# My stable of rides



## chevytaHOE5674 (Jan 26, 2009)

Thought I would share my small stable of vehicles. 

2000 Tahoe Z71 my DD. Some minor modifications.










1988 K5 wheeling rig. Some more modifications. 









1967 Camaro Convert. Mine and My dads restoration project over the past years. 









2003 Jeep Liberty. My girlfriends DD and occasional trail bomber.


----------



## blly8325 (Jan 26, 2009)

*Rides*

Nice rides, those Chevy's are sweeet.. Keep up the good work!!


----------



## chevytaHOE5674 (Feb 12, 2009)

Forgot a picture of the plow truck.
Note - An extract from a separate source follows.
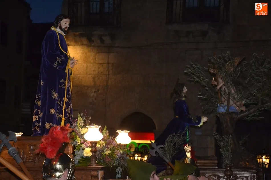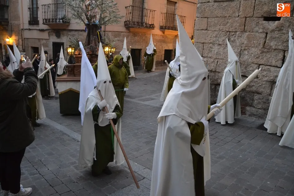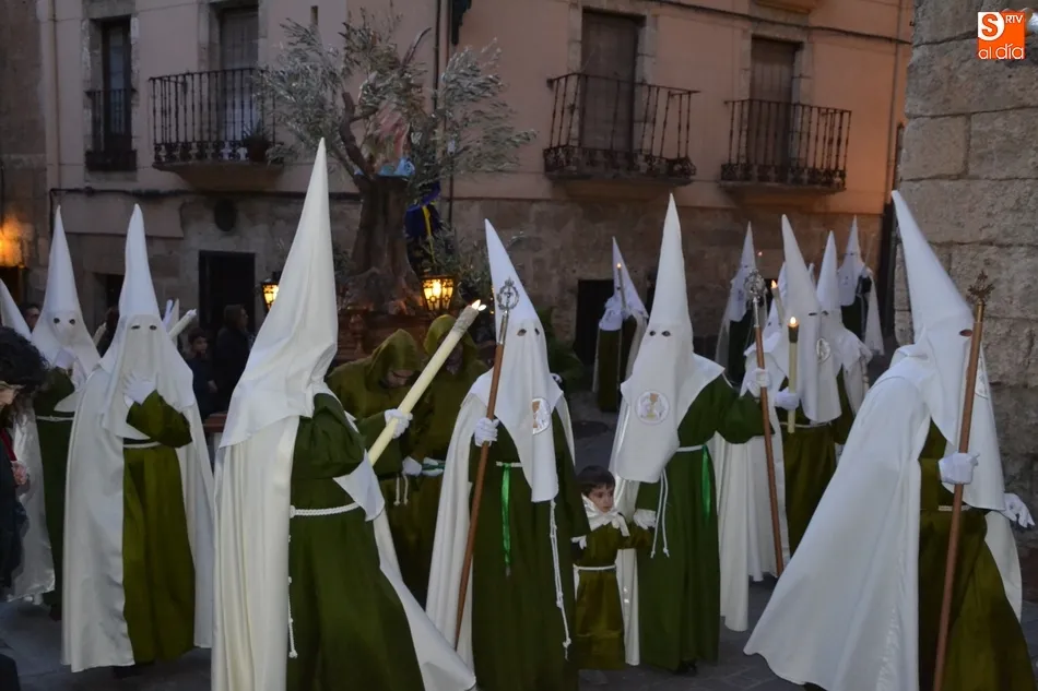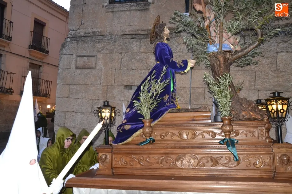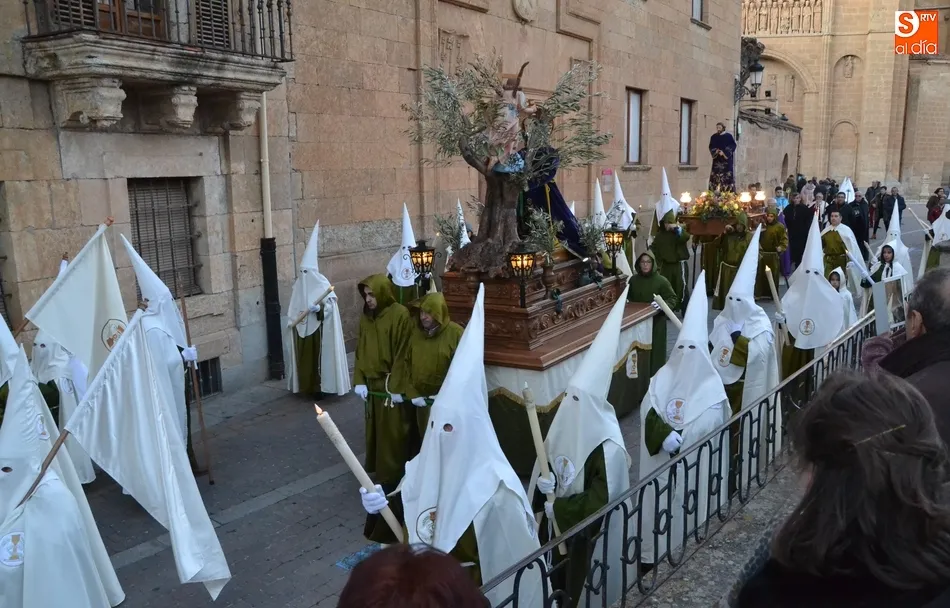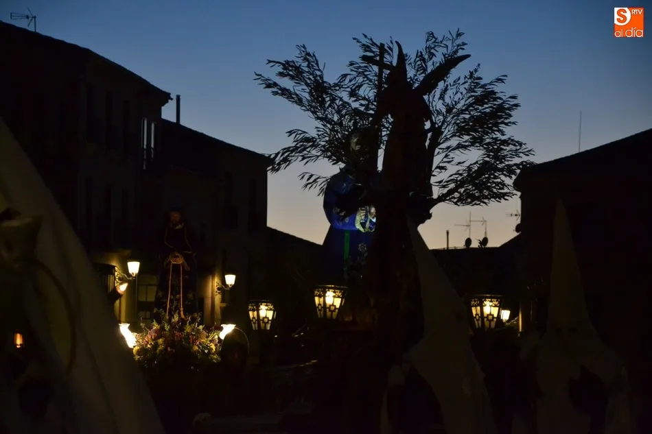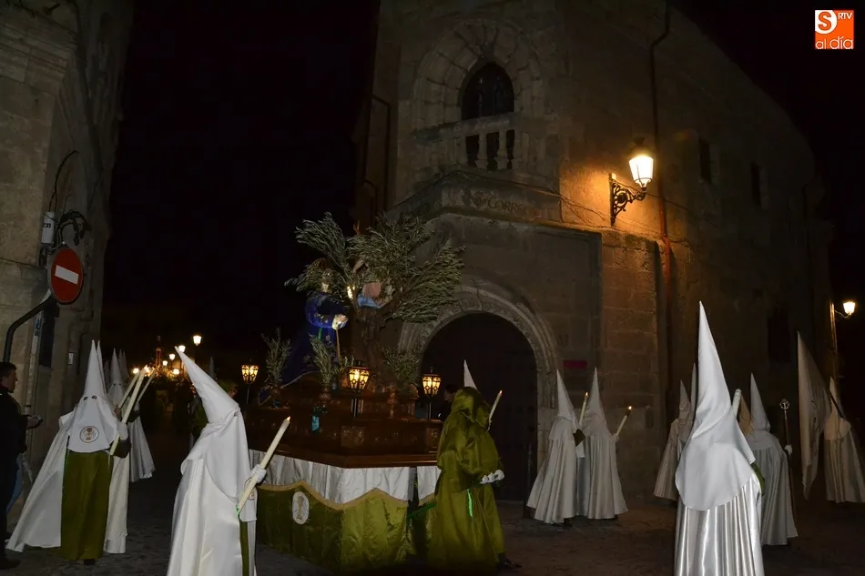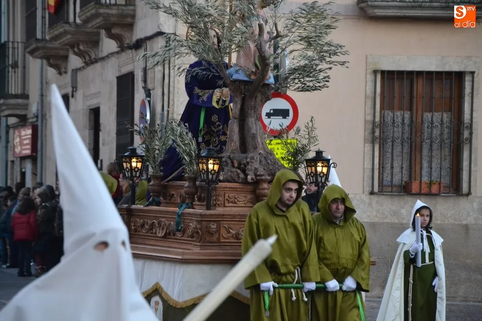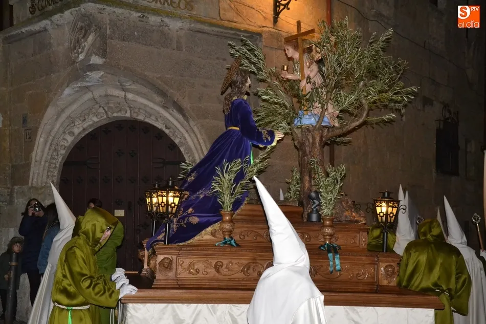 La jornada del Domingo de Ramos se completó en Ciudad Rodrigo con la procesión de la Oración del Huerto, en la cual se enlazaron el día y la noche, producto del cambio horario acaecido en la madrugada del sábado al domingo, en el cual hubo que adelantar los relojes una hora.

Beater chevy that just won't die.


----------



## Freakingstang (Feb 12, 2009)

sweet, for a chebby....lol


----------



## chevytaHOE5674 (Feb 12, 2009)

Freakingstang said:


> sweet, for a chebby....lol



I used to have a ford...... It went bye bye


----------



## NYCHA FORESTER (Feb 13, 2009)

That picture of the Blazer in the mud almost looks like it was backed in to the mud.

Maybe it's just the angle


----------



## chevytaHOE5674 (Feb 13, 2009)

The blazer drove through the mud multiple times.


----------



## chevytaHOE5674 (Apr 16, 2009)

Been a long time, but i forgot all about the tractors...


----------



## johninky (Apr 17, 2009)

Post some details about the Ford tractor if you can. Have never seen that model. Like to know more.


----------



## chevytaHOE5674 (Apr 19, 2009)

Its a 1965 ford 5000 that was converted to 4x4 by roadless traction from england. 4 cyl diesel, with a 4x2 manual trans. Has a leon 700 loader up front also.


----------